Words & Photos : Dylan Schmitz
Down in the Gulf, there’s a shift you feel more than you see. The mornings are cold but a warm humid breeze picks up just enough to remind you what summer feels like. Water temps climb. Your casting hand starts twitching. It’s time to start using that PTO.
For us, the start of the season isn’t marked by any date on the calendar. It’s the ritual. The sorting through fly boxes packed last fall, checking old logs, scanning tide tables and forecasts. Keeping an eye out between fronts.
You throw on a new patterns you tied over winter only to go back to the rusty ones from last season because the new ones don’t swim right, still needs tweaking. The cast needs work. It always does. You shake out the rust and try to remember how that double haul used to feel when it was automatic. The wind finds every bad habit you picked up in the offseason, but it also reminds you why you love this. It’s not supposed to be easy.

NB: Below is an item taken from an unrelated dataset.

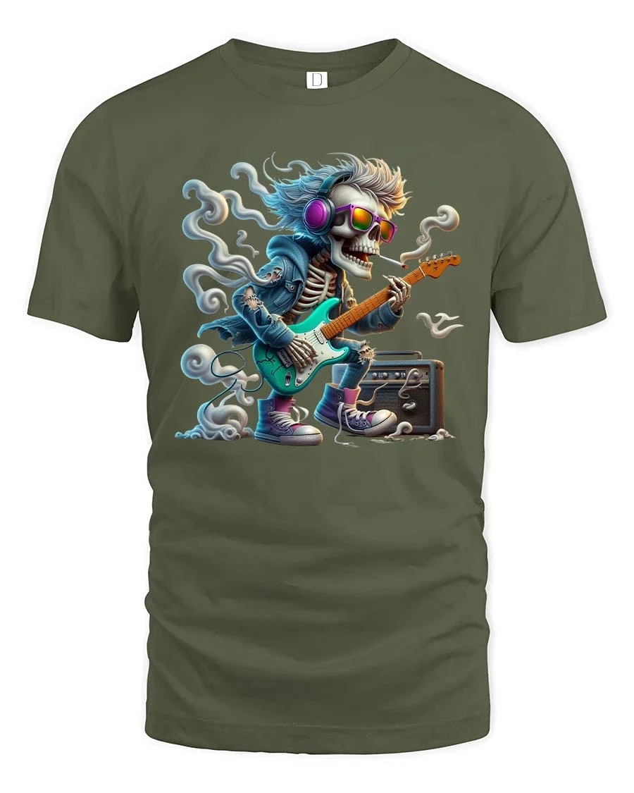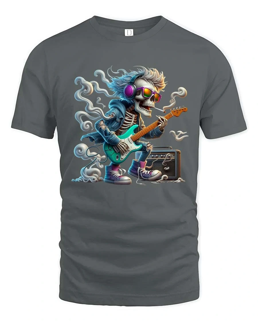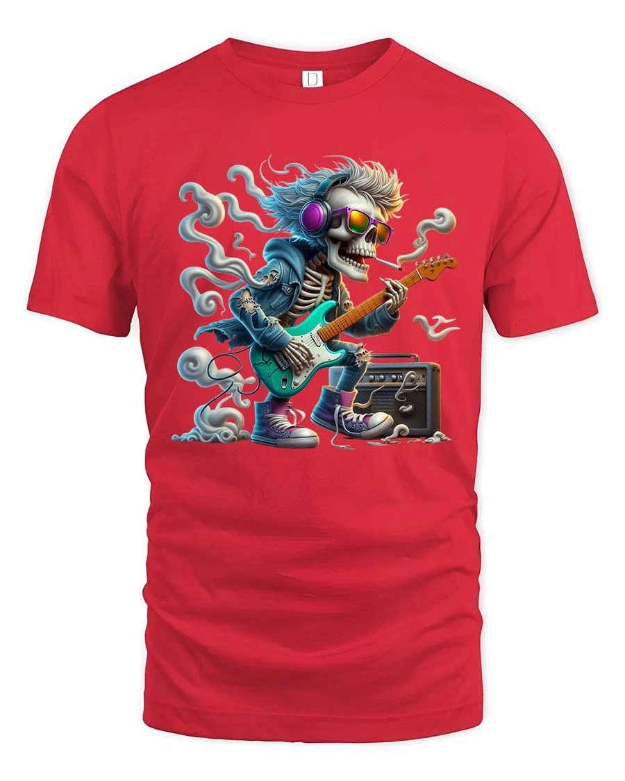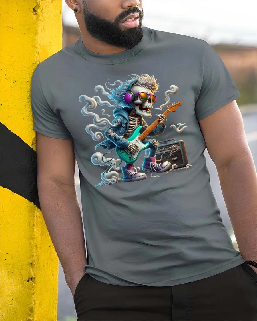 Made with soft breathable fabric, this tee offers lasting comfort while keeping the graphic sharp and vibrant. The high quality print preserves every detail from the guitar strings to the expressive skeleton pose, giving you a standout piece that reflects passion and creativity. The Rocking Skeleton Guitarist Graphic T Shirt is perfect for anyone who lives for music, rhythm, and bold self expression.

We launched early from a tucked-away ramp just north of Boca, coffee still too hot, skiff’s too clean. There’s something about this stretch of water—the history soaks through everything. This is where the old timers made names and broke rods, and where you come to lose yourself in something bigger.
The sun takes its time but finally it lights up the flat like a spotlight. And we fished until the light went out, because we of course got stuck on a sandbar that must’ve moved. We putted out and ran back in the dark.
Back at the dock, sunburned and soggy we ordered pizza and took notes on what we forgot to pack on the first day back out. The cycle starts again.